Già Tucidide, alla vigilia della guerra del Peloponneso, individuava nell’uso ingannevole della parola il sovvertimento della vita civile: «Pretesero persino di cambiare la consueta accezione delle parole in rapporto ai fatti, sulla base di ciò che ritenevano giustificato. La temerarietà sconsiderata fu ritenuta coraggiosa solidarietà di partito; la prudente cautela, speciosa vigliaccheria; l’equilibrio, ammantata codardìa; l’assennatezza in tutto, inerzia verso tutto; l’impetuosa impulsività fu accreditata a un temperamento virile; il riflettere con calma, in nome della sicurezza, a suadente, pretestuosa riluttanza» (La guerra del Peloponneso 3, 82,4).

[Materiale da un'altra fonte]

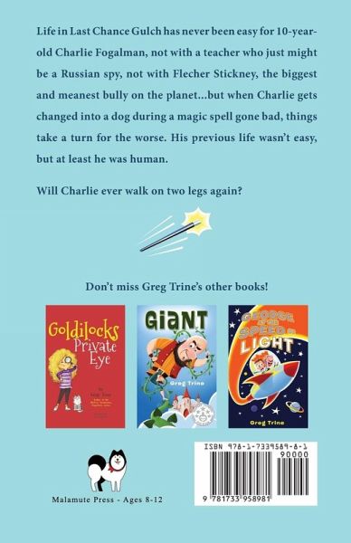 When Charlie's best friend Mike Blackburn's little sister eats his homework, Mike wants revenge. And Charlie knows he must be present to witness the act. After all, what are friends for? "I'm going to change her into a frog," Mike declares, waving a magic wand. This is a good idea. If Charlie had a sister, he'd want to change her into a frog. But something goes awry. Instead of changing Mike's sister into a little green fellow with warts, Charlie Fogalman suddenly isn't quite Charlie Fogalman anymore. He has a bit more fur-and a tail! "Don't tell me you've changed me into a dog." "Okay, I won't tell you." But the proof is in the drool. Mike knows he needs to change Charlie back, but how? What went wrong, and how does he change him back without making the situation worse? In the meantime, where does Charlie live? Not at the Blackburn's house, where the parents are allergic to dogs. And not at Charlie's house, where no one would believe it's really him underneath all the fur. Add to this, a teacher who just might be a Russian spy, an overly zealous dog catcher, and a school bully, and Charlie has plenty to occupy his canine brain. Eventually, the boys discover that the bad spell involved the twisting of light as it passed through Mike's science project, and they find a way to twist it back. But not before they put a bully, a spy, and a dogcatcher in their place.

Era la stagione dei Sofisti, i nuovi maestri di retorica, i quali ai princìpi della scienza (episteme) e della verità (alétheia) sostituirono i criteri dell’opinione (dóxa) e del verosimile (eikós), nell’intento di fare apparire più validi i ragionamenti meno validi.
Quid nunc? Da dove ricominciare? Perché di questo si tratta. Io direi dal “discorso comune”, da quel koinós logos che fonda la nostra natura e determina il nostro destino individuale e politico; e che nell’incontro con l’altro si fa dialogo, confronto di ragioni diverse.
A noi professori il compito di professare il vero delle nostre discipline, vale a dire la complessità delle cose del mondo. Allora il demografo ricorderà che ogni minuto nascono 59 uomini di colore e poco più di mezzo italiano; il genetista che tutti noi europei bianchi, civili e colti proveniamo da antenati africani; lo studioso dell’antichità che la fortuna di Roma – come testimonia Tacito negli Annali (11,24) – si deve alla concessione della cittadinanza a tutti coloro che provenivano da ogni parte del mondo, mentre Sparta e Atene, pur così potenti militarmente, decaddero proprio per non aver accolto e integrato gli stranieri.
Alle ragazze e ai ragazzi della nostra Università che hanno ideato questa due giorni, mi sento di dover chiedere scusa e di fare un appello. Scusa perché non siamo riusciti a consegnare loro un mondo migliore: l’appello a impegnarsi in politica. Cominciando col meditare sulla parola più bella creata e trasmessa dalla classicità: res publica, la cosa di tutti.